Published: 18 September 2008

Abstract

Background

The

    IN
hibitor of
    G
rowth (ING) family of type II tumor suppressors (ING1–ING5) is involved in many cellular processes such as cell aging, apoptosis, DNA repair and tumorigenesis. To expand our understanding of the proteins with which the ING proteins interact, we designed a method that did not depend upon large-scale proteomics-based methods, since they may fail to highlight transient or relatively weak interactions. Here we test a cross-species (yeast, fly, and human) bioinformatics-based approach to identify potential human ING-interacting proteins with higher probability and accuracy than approaches based on screens in a single species.

Results

We confirm the validity of this screen and show that ING1 interacts specifically with three of the three proteins tested; p38MAPK, MEKK4 and RAD50. These novel ING-interacting proteins further link ING proteins to cell stress and DNA damage signaling, providing previously unknown upstream links to DNA damage response pathways in which ING1 participates.

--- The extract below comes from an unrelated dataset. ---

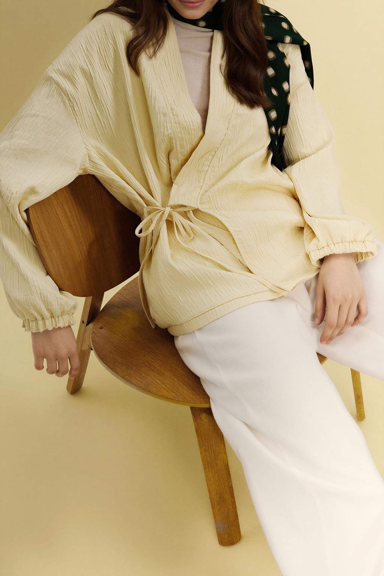 İlkbahar ve yazın vazgeçilmezi sarı renkli krinkıl kumaştan üretilen yetişkin blazer ceket. Kordon kapamalı ve V yaka detayıyla şıklığınızı tamamlayın. Uzun kollu, regular fıt kesimiyle her tarza uyum sağlar. Kadın blazer ve yelek koleksiyonunun temel parçası. Elastan 2%,Poliester 98% Manken Bedeni: Göğüs: 88 Boy: 1,72 Basen: 90 Bel: 60

The bioinformatics approach we describe can be used to create an interaction prediction list for any human proteins with yeast homolog(s).

Conclusion

None of the validated interactions were predicted by the conventional protein-protein interaction tools we tested. Validation of our approach by traditional laboratory techniques shows that we can extract value from the voluminous weak interaction data already elucidated in yeast and fly databases. We therefore propose that the weak (low signal to noise ratio) data from large-scale interaction datasets are currently underutilized.